There's once again a potential deadlock, this time as the AsyncTimeoutTask attempts to run.

I think we can once again solve this in the waitAsync code by moving this call to removeFromCancellableListAndDispatch outside the scope of this AutoLockFutexAPI. It would be nice if the worker code didn't force us to do this, though.

Iain Ireland [:iain]

Reporter

Comment 1

•

9 months ago

Ugh. This code in the FutexWaiterListHead destructor makes everything more complicated. We want to callRemoveFromCancellableListAndDispatch in a loop, but we're holding the futex lock across the entire loop because we're also going to remove the node from the linked list.

And this code might be similarly problematic.

Dan Minor [:dminor]

Comment 2

•

9 months ago

Hey Eden, we're running into problems with Atomics.waitAsync and potential deadlocks in worker code, I was wondering if you'd have time for a quick look to see if you have any ideas for us to help resolve this.

Flags: needinfo?(echuang)

Eden Chuang[:edenchuang]

Assignee

Comment 3

•

9 months ago

According to the stack, it looks like

Main thread: Dispatch a WorkerControlRunnable -> Lock the Worker mutex -> call into JS_RequestInterruptCallback() -> try to acquire FutexThread mutex

Worker thread: call into the js::WaitAsyncTimeoutTask -> Lock the FutexThread mutex -> dispatch some WorkerThreadRunnable to Worker -> try to acquire Worker mutex

According to WorkerPrivate::DispatchControlRunnable(), we seem to be able to move the JS_RequestInterruptCallback into a MutexAutoUnlock block to decouple WorkerPrivate::mMutex and the js::mutex under FutexThread::Lock.

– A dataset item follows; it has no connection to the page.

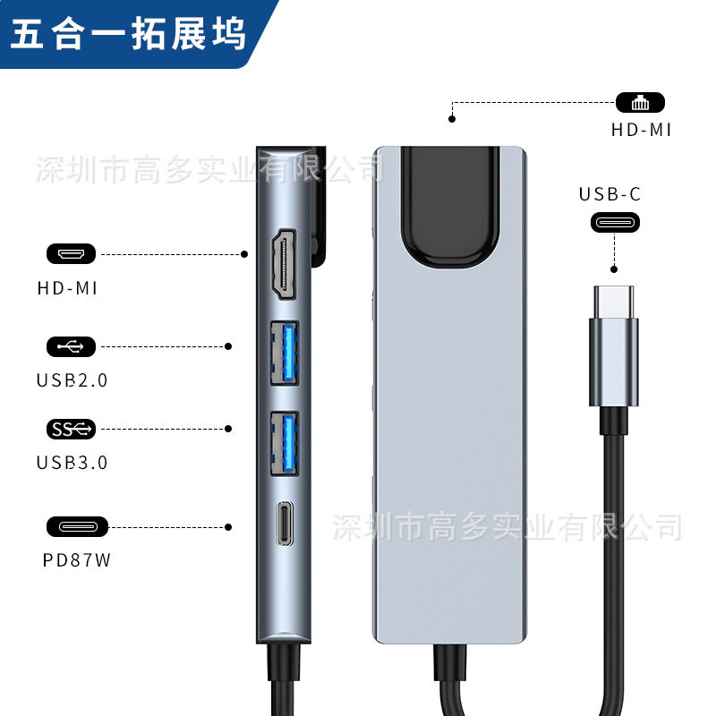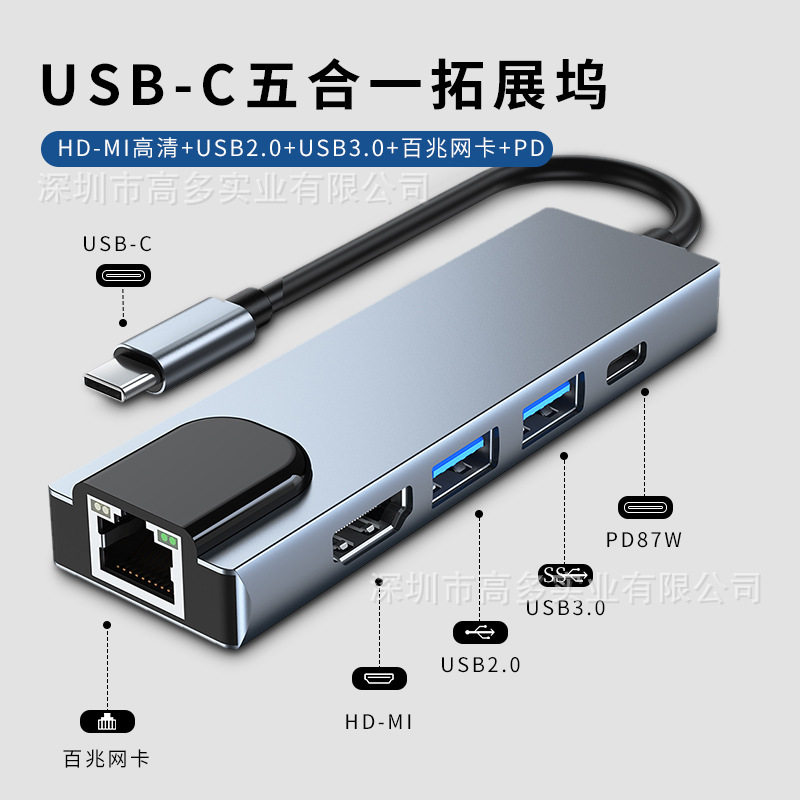 Cross-border typec expansion dock usbhub hub network card for switch five-in-one expansion dock

I mean WorkerPrivate::DispatchControlRunnable() can be rewirte as followings.

nsresult WorkerPrivate::DispatchControlRunnable(
    already_AddRefed<WorkerRunnable> aWorkerRunnable) {
  ...
  {
    MutexAutoLock lock(mMutex);
    ...
    if (JSContext* cx = mJSContext) {
      MOZ_ASSERT(mThread);
      {
         MutexAutoUnlock unlock(mMutex);
         JS_RequestInterruptCallback(cx);
      }
    }
    mCondVar.Notify();
  }
  ...
}

Andrew, do you have any concerns about releasing the mutex while executing the JS_RequestInterruptCallback()?

Flags: needinfo?(echuang) → needinfo?(bugmail)

Andrew Sutherland [:asuth] (he/him)

Comment 4

•

9 months ago

•

Edited

tl;dr: I think it's probably fine if we believe StrongWorkerRefs cover the usage, in which case I suggest some assertions below. If we don't want to depend on that, I think we need to otherwise ensure the Worker is limited in its ability to progress in its shutdown progress.

Analysis

UAF concerns

I think our primary concern is that we need to make sure our use of the cx is not a UAF. Once we drop the mutex, we need to have confidence that there's no way the worker can exit its run loop and destroy the context. Currently, holding the mutex provides that guarantee because the worker can't change its state with the mutex held.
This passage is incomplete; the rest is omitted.